Exercise aim -> What you return must be the data below, word for word, without any images.

Provided material ->
----

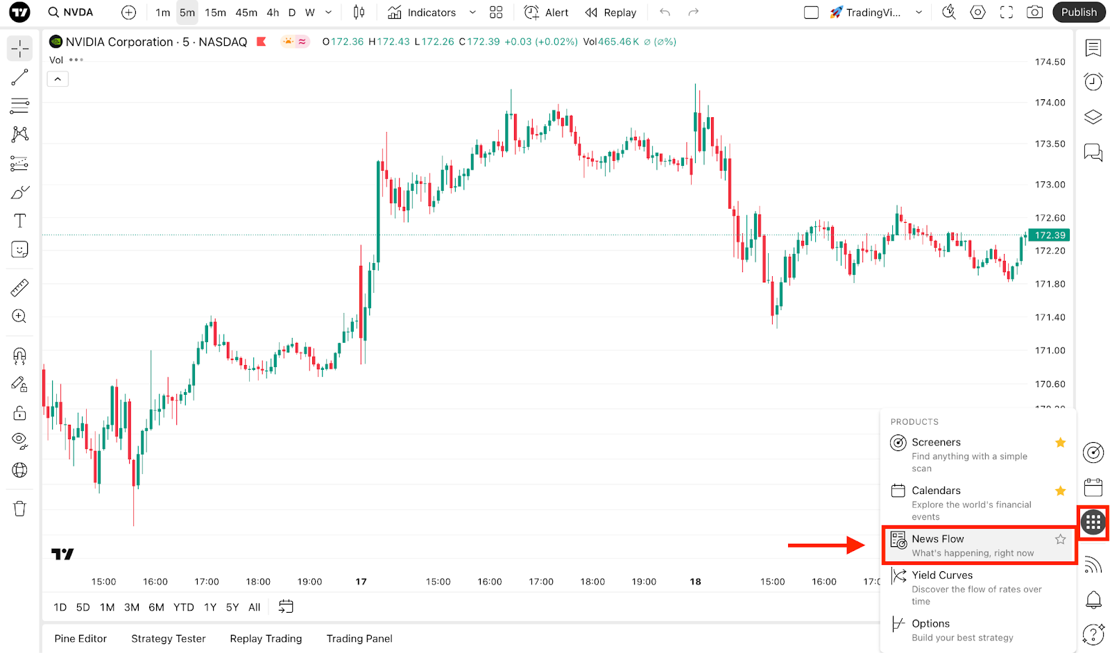 Dai grafici, trova il pulsante “Prodotti” sulla barra degli strumenti a destra e clicca su “Flusso di notizie”.
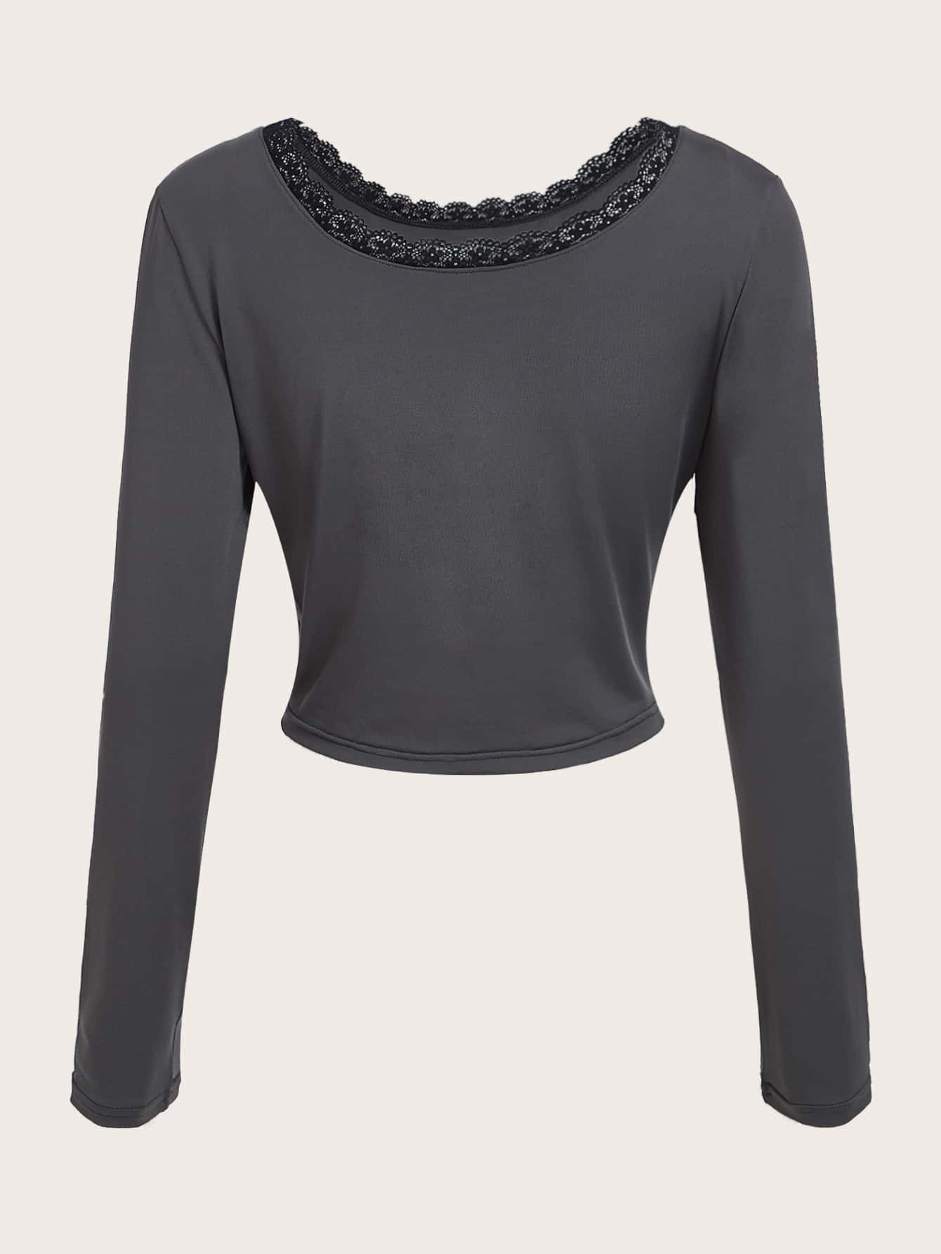 Butterfly Print Contrast Lace Tee
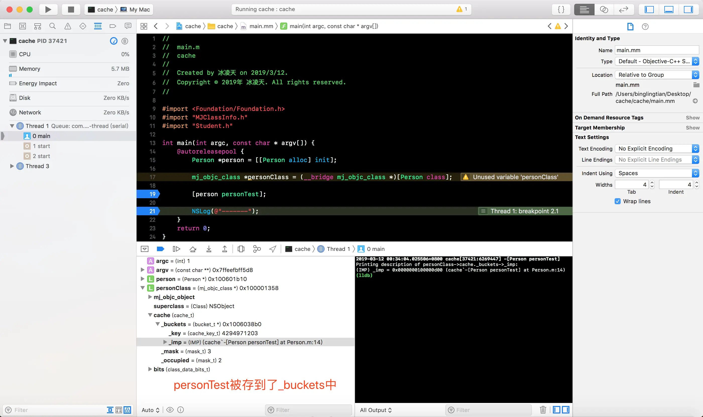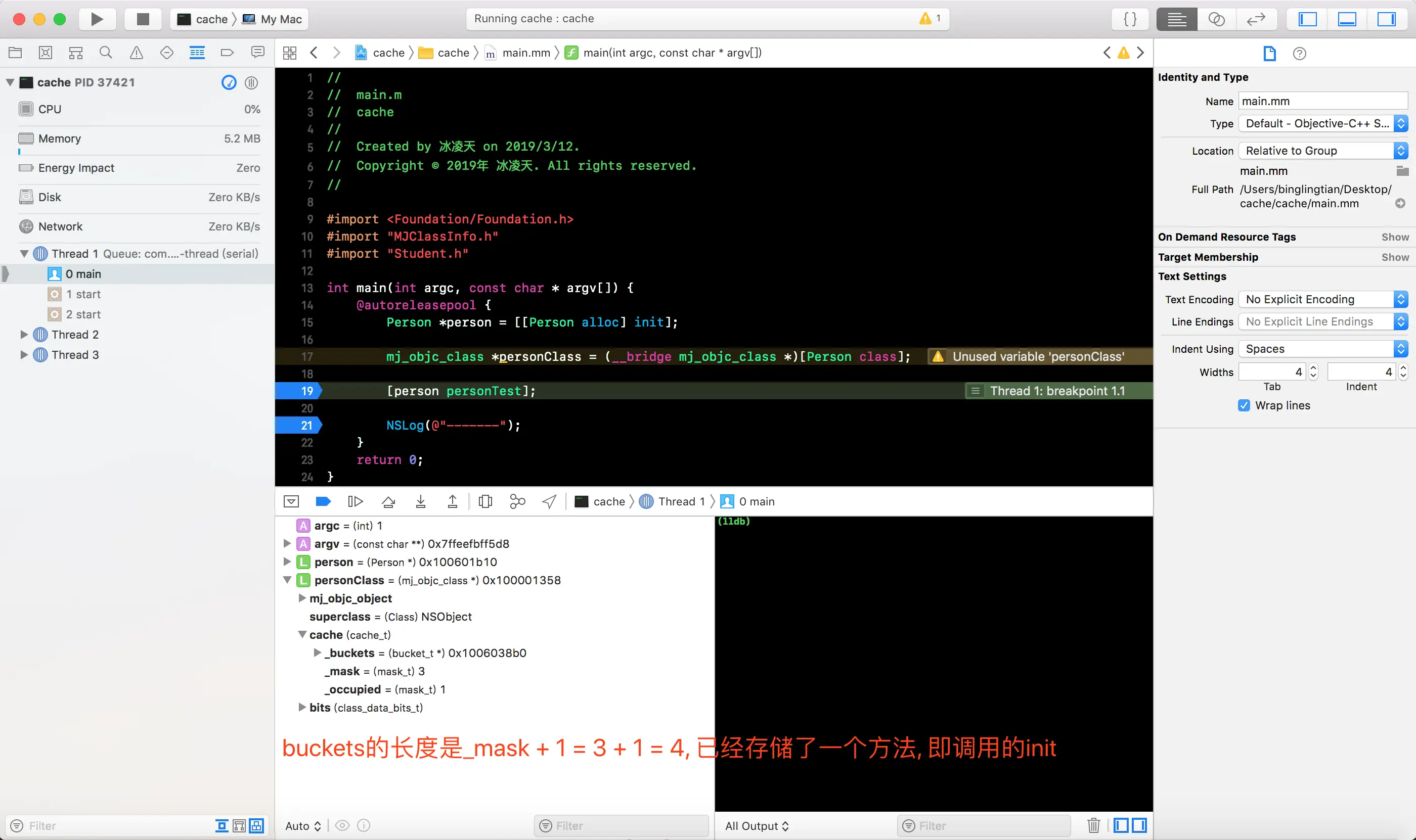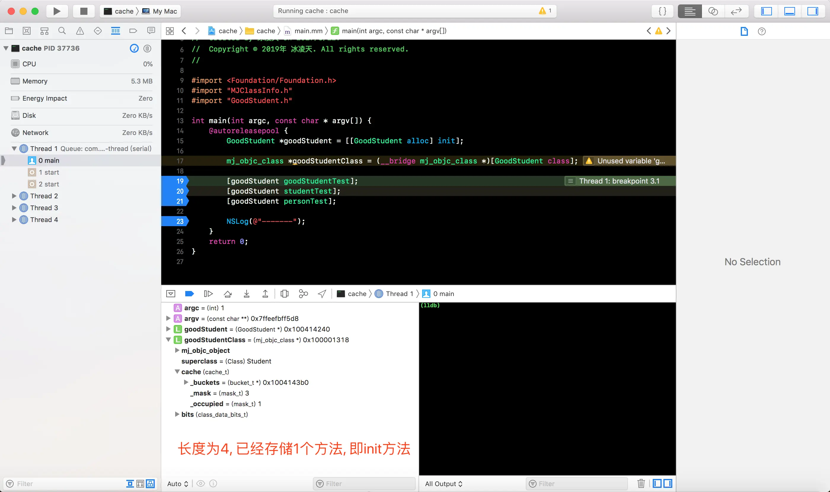 personClass的结构吗可以看到cache中的_buckets长度是_mask + 1 = 4, 此时已经存储一个方法, 即刚调用过的init方法

----

Solution to this problem ->
 Dai grafici, trova il pulsante “Prodotti” sulla barra degli strumenti a destra e clicca su “Flusso di notizie”.
 Butterfly Print Contrast Lace Tee
 personClass的结构吗可以看到cache中的_buckets长度是_mask + 1 = 4, 此时已经存储一个方法, 即刚调用过的init方法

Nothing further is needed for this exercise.